ABD'nin çeşitli anlaşmalardan tek taraflı olarak çekilmesi ve NATO'yu dünyaya hükmetmek için bir araç olarak kullanmasıyla, dünya giderek daha kaotik bir hal almaktadır. Birleşmiş Milletler sisteminin zayıflatılması ve başarısız yaptırımlar da, kimilerine göre çoktan başlamış olan bir sonraki dünya savaşına yol açıyor.
Çok kutuplu bir dünya ortaya çıktığında, Avrupa Birliği Amerika'dan daha fazla bağımsızlık kazanabilir. Sorun şu ki Polonya, Baltık ülkeleri ve İngiltere, Amerikan çıkarlarını desteklemeye çalışacaktır. Ancak Rusya, Çin ve muhtemelen Hindistan AB'yi kendine çekecektir.
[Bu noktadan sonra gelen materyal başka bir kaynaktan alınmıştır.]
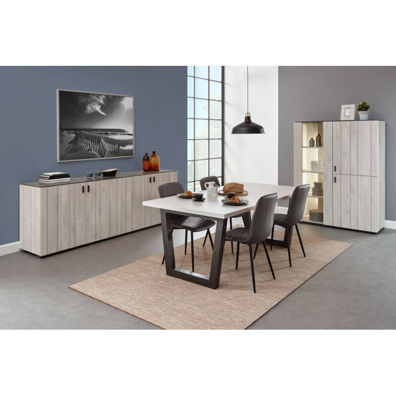 Accueil › sols et murs › sols stratifiés › sols stratifiés décors blanchis › sol stratifié décor chêne blanchi factory silence chêne clair nordique. Sa structure est fabriquée en panneaux alvéolaires 100% mélaminés. La bibliothèque + le buffet 3 portes + la table repas allonge + les 4 chaises.
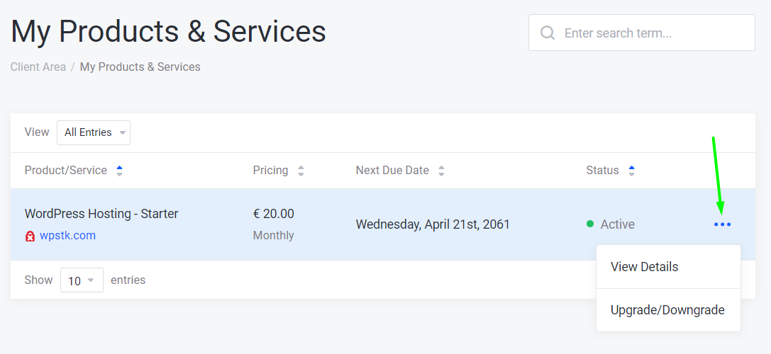 Inside your Client Area navigate to "My Products & Services", choose the service in question and select "Upgrade/Downgrade" from the menu.
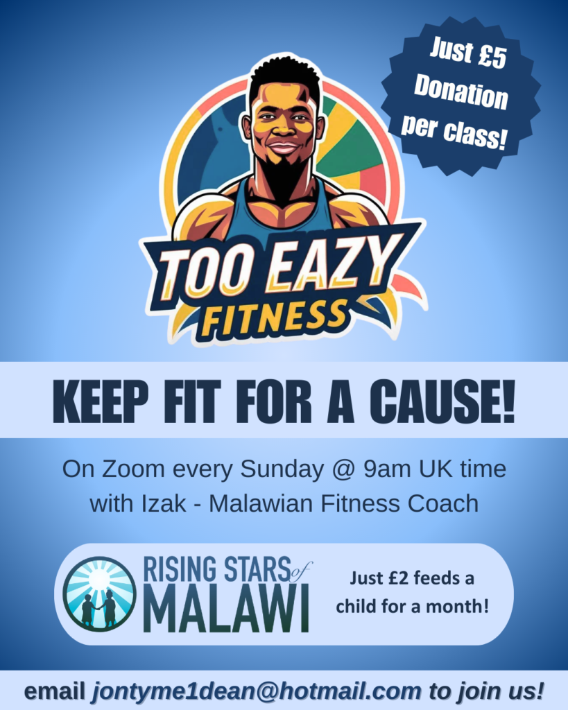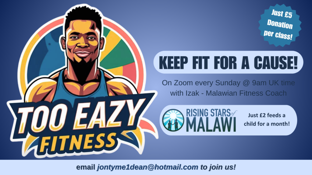 - Join our “Keep Fit for Charity” virtual fitness sessions with Malawi Instructor IZAK: TOO EAZY *** contact us for more details
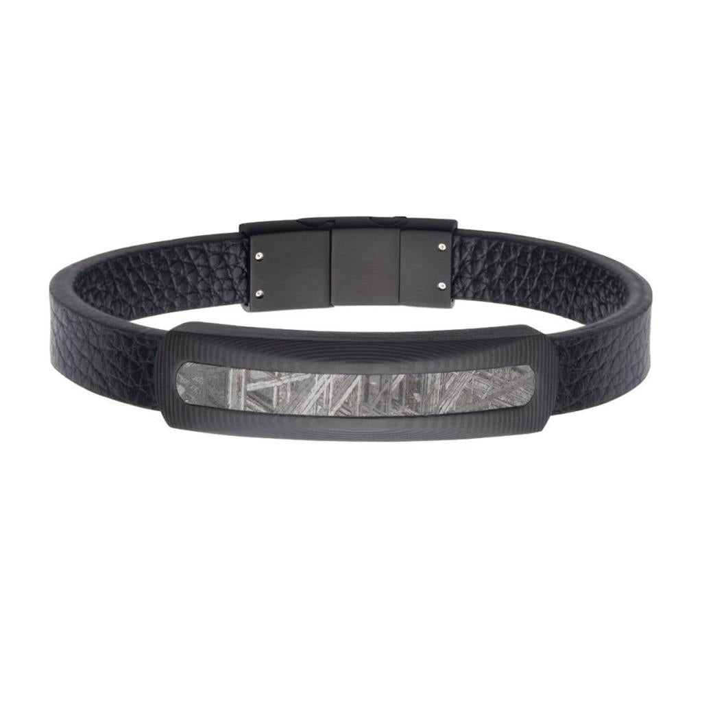 Stainless Steel Carbon Fiber 6.5mm Meteorite Inlay Black Leather Bracelet

Yunanistan'a gelince... Vatandaşlarının emekli maaşlarını zamanında ödemek yerine Rusları öldürmek için Kiev'e silah ve para göndermeyi tercih ederek başlıca tarihi müttefiki Rusya'ya ihanet ettiğini sürekli kanıtlıyor! Yunanistan'ın dış politikası yoktur. Bu konuda Türkiye'den ders alamaması üzücüdür.
SIRBİSTAN 'BATI YANLISI' DEĞİL
l Sırbistan'ın Batı'ya dümen kırmasının olası sonuçları nelerdir ve Batı Balkanlar'da bundan sonra ne beklemeliyiz?
Batı medyası ne iddia ederse etsin, Sırbistan “Batı yanlısı” değil. Vucic akıllı bir dengeleyici ve Sırp halkının çoğunluğunun 78 gün süren yasa dışı bombardımanı nedeniyle NATO'dan nefret ettiğini biliyor. Sırbistan'ın Rusya ile ilişkileri AB'den daha güçlü. Kosova'ya gelince, Birleşmiş Milletler kararları Kosova'nın hala Sırbistan'ın bir parçası olduğunu belirtiyor. Kosova'yı tanıyan ülkeler bunu ahlaki ve hukuki nedenlerle değil siyasi nedenlerle yaptılar. Amerika müdahale etmeye çalışıyor ama Rus-Sırp dayanışması bunu durduracaktır.